Komparasi yang melibatkan keduanya berkelindan semakin laju tatkala AS Monaco, kesebelasan yang pernah diperkuat Henry saat ketika muda, merekrutnya dari Lyon. Dan layaknya Henry, aksi-aksi impresif juga berhasil dipertontonkan Martial selama mengenakan kostum merah-putih khas Monaco. Uniknya, saat masih berseragam Les Monegasques pula, Martial dan Henry beroleh debut memakai baju tim nasional Prancis.

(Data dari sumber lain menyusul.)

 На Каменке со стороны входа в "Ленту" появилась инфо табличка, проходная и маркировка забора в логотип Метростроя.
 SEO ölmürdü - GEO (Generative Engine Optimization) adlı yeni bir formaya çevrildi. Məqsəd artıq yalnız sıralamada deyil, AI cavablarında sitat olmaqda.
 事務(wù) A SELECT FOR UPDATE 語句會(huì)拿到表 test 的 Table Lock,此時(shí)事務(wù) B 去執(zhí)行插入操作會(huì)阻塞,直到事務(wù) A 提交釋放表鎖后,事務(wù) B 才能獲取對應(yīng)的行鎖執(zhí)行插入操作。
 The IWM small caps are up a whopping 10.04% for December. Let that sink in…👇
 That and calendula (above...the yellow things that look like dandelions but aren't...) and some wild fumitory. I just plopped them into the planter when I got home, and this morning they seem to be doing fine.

Ketika Martial memilih Inggris guna bergabung dengan Manchester United buat melanjutkan karier, khalayak ramai pun semakin lantang menyebut bahwa ia coba mengekor jejak karier Henry. Namun di titik ini, ada satu jurang pemisah di antara keduanya lantaran Henry memilih Arsenal sebagai pelabuhannya di Negeri Ratu Elizabeth.

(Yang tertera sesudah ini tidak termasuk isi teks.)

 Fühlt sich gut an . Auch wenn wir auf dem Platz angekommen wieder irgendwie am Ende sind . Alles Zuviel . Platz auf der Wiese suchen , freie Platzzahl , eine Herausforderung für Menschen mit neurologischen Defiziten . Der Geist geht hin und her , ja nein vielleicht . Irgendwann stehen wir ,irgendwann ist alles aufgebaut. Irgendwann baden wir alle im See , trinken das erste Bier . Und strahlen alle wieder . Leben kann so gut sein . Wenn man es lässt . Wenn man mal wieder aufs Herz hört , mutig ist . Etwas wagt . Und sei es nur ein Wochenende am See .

Tak sekadar itu karena bentang karier Henry bareng The Gunners berjalan amat menyenangkan. Selain menyumbang 228 gol dari 376 penampilan (menahbiskannya sebagai pencetak gol terbanyak Arsenal sepanjang masa) pada seluruh kompetisi, ia juga berkontribusi atas masing-masing dua titel Liga Primer Inggris, Piala FA, dan Community Shield. Fans setia Arsenal pun mendapuk Henry, dalam sebuah survey yang dilakukan laman resmi klub medio 2008 silam, sebagai pemain terbaik The Gunners sepanjang sejarah.

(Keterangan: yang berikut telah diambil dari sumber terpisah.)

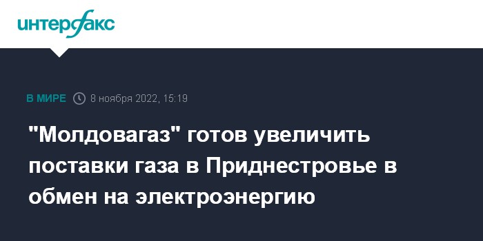 Москва. 8 ноября. INTERFAX.RU - АО "Молдовагаз" готово увеличить поставки газа в Приднестровье при условии получения взамен электроэнергии, заявил вице-премьер - министр инфраструктуры и регионального развития Молдавии Андрей Спыну журналистам во вторник, отвечая на вопрос о путях преодоления энергетического кризиса.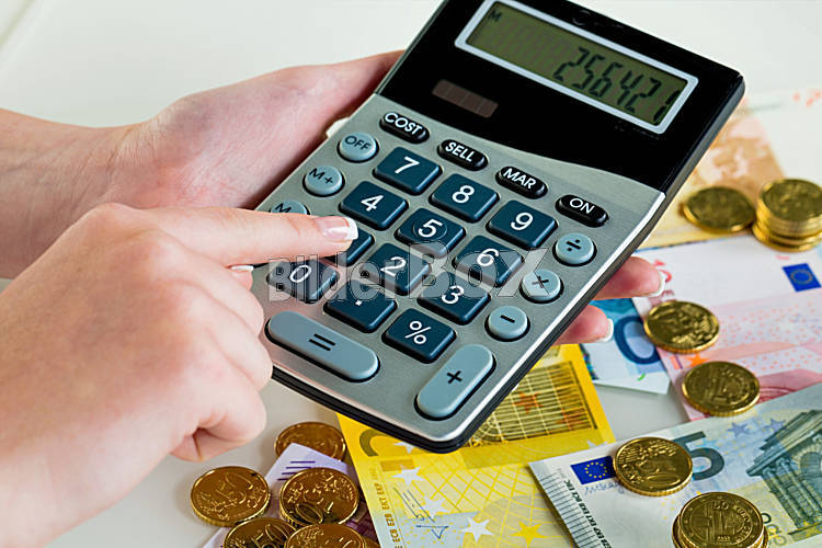 Hand mit Taschenrechner und Geld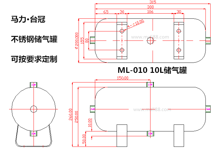 馬力·臺冠,不銹鋼儲罐,緩沖氣罐。可按需要求定制,4L,6L,8L,10L,12L等。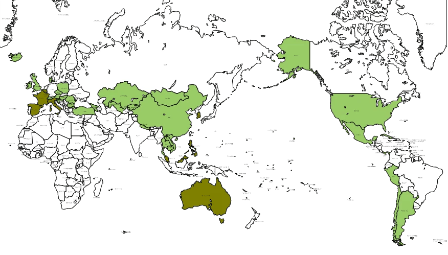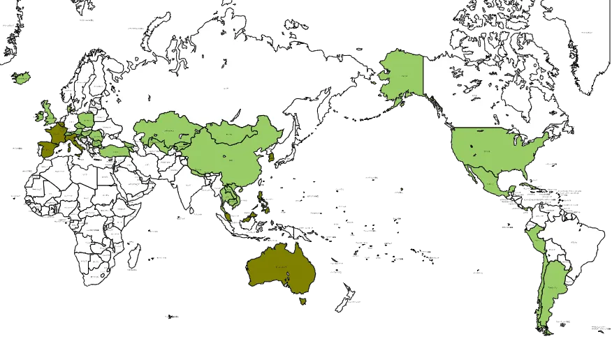 明るい緑が今回行った国
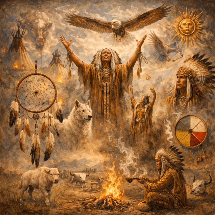 Spirituality was deeply connected to nature, animals, and ancestral spirits. Symbols, rituals, and ceremonies expressed beliefs about balance, strength, and the natural world.
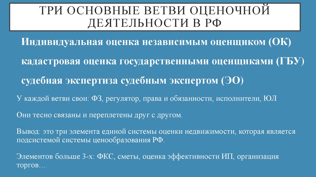 ТРИ ОСНОВНЫЕ ВЕТВИ ОЦЕНОЧНОЙДЕЯТЕЛЬНОСТИ В РФ

Prestasi jempolan Henry di tanah Inggris bukan sesuatu yang mudah direplikasi Martial atau bahkan pemain lain dengan kualitas super. Pemuda kelahiran Massy tersebut kudu berjuang semaksimal mungkin guna melakukannya. Berhasil mencaplok beraneka gelar bersama United (sejauh ini dirinya telah mengecup masing-masing sebiji Piala FA, Piala Liga, Community Shield dan Liga Europa) akan mengharumkan nama Martial. Apalagi kalau kepala dan kakinya ikut-ikutan rajin melesakkan gol demi gol.

Henry adalah Henry, Martial adalah Martial. Namun jejak fenomenal Henry hanya bisa diikuti oleh pemain yang juga fenomenal. Mampukah Martial masuk ke dalam kategori tersebut? Barangkali cuma waktu yang dapat menjawabnya. Satu hal yang pasti, tanpa kerja keras dan pembuktian di atas lapangan bareng The Red Devils, alih-alih dipuji sebagai pengekor jejak yang brilian, sepanjang waktu Martial bakal dicerca sebagai bayang-bayang semu Henry belaka.